# Tarpon Pix from Pre-Fishing the Tournament Last Friday



## Scott (May 24, 2004)

Here are a few pix I took last Friday while we were pre-fishing the tournament.


----------



## Brent (May 26, 2004)

I just called the closest person here into my office. I said, "Come see why I had such a good time last friday!". Great pictures Scott! And thanks again for a great trip!


----------



## boat_money (May 21, 2004)

in that last pic, it looks like its got two hooks in its mouth. a red jig up top and a black n white shad deeper in its mouth.

awesome pics.


----------



## FishMore (May 21, 2004)

*Wow*

Awesome pics.
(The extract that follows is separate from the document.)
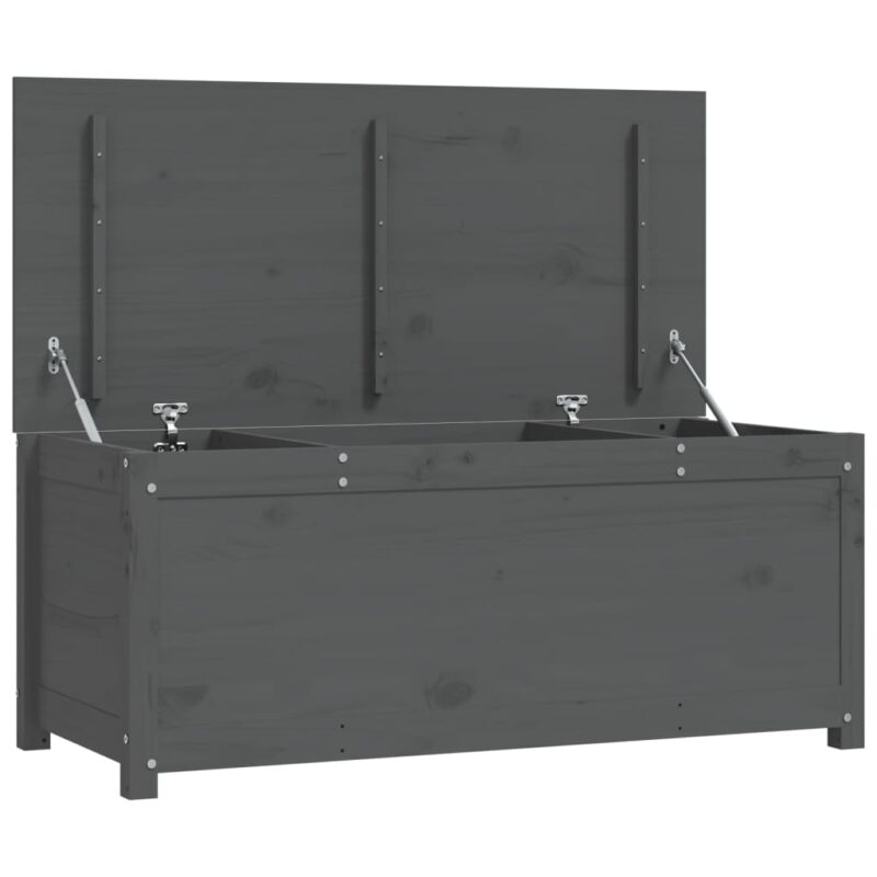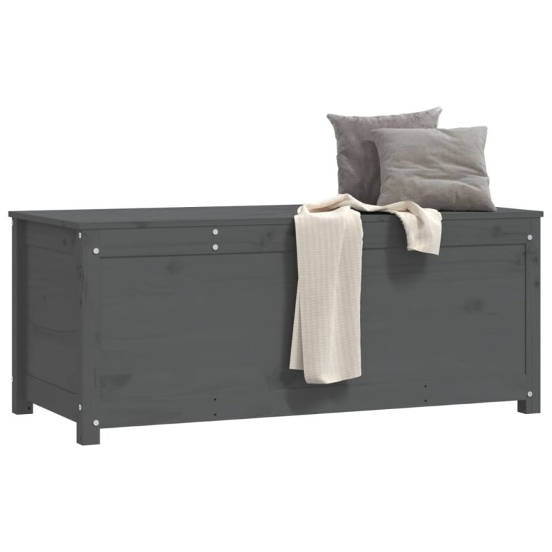 Maximisez l’efficacité de l’organisation de votre espace avec notre Boîte de rangement Gris 110x50x45,5 cm Bois massif de pin; un ajout esthétique et pratique qui sublime l’ordre de votre intérieur. Confectionné à partir de bois de pin robuste, ce coffret allie attrait naturel et durabilité. Sa texture authentique est mise en valeur par le grain épuré du bois et des nœuds distinctifs qui lui confèrent un charme rustique unique.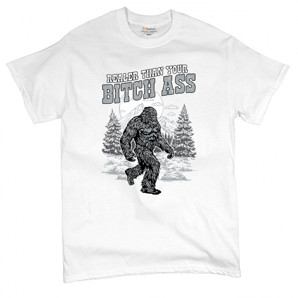 Edgy Bigfoot design with sarcastic cryptid humor and gritty wilderness style. Great for trolls, jokers, and rugged outdoors fans.

I'd love to try that someday.
Never had a chance to fish for tarpon


----------



## James Herman (Aug 7, 2004)

Outstanding

freaking outstanding


----------



## Bucksnort (Jun 29, 2004)

Those pics are great...hats off to the photographer


----------



## Scott (May 24, 2004)

Muchas thanks!


----------



## RickyT (May 24, 2004)

Way to go, guys. And great pictures, Scott.


----------



## Curmit (May 25, 2004)

Wow, where was that at? 

Those are some awesome pics, it must have been hard to catch them in the air like that.
It seems like Texas doesn't have smaller Tarpon but there seems to be some nice big ones around.


----------



## Scott (May 24, 2004)

We have plenty of small ones. Some migrate through and some are residents until they get bigger. Depends on where you fish for them. These pictures were all taken off the upper Texas coast on Friday of last week.


----------



## Bucksnort (Jun 29, 2004)

Man you need to copyright those pics before you see them on the front cover of some fishing mag and you don't get a penny for them.


----------



## Scott (May 24, 2004)

The size of them on the net I would think is a little small for that type of stuff... but that really doesn't matter much to me anyway... I just posted them for everybody to look at.


----------



## ArtificialOnly (Jun 21, 2004)

I looked at those pictures for like 10 min. just awesome!!! you are my hero!


----------



## kevin302 (Aug 20, 2004)

Nice pictures. Did not get to get the camera out for this trip until we got back to the the doc. We did manage to bring back the heavist ling. See below to see some pictures from the tourny.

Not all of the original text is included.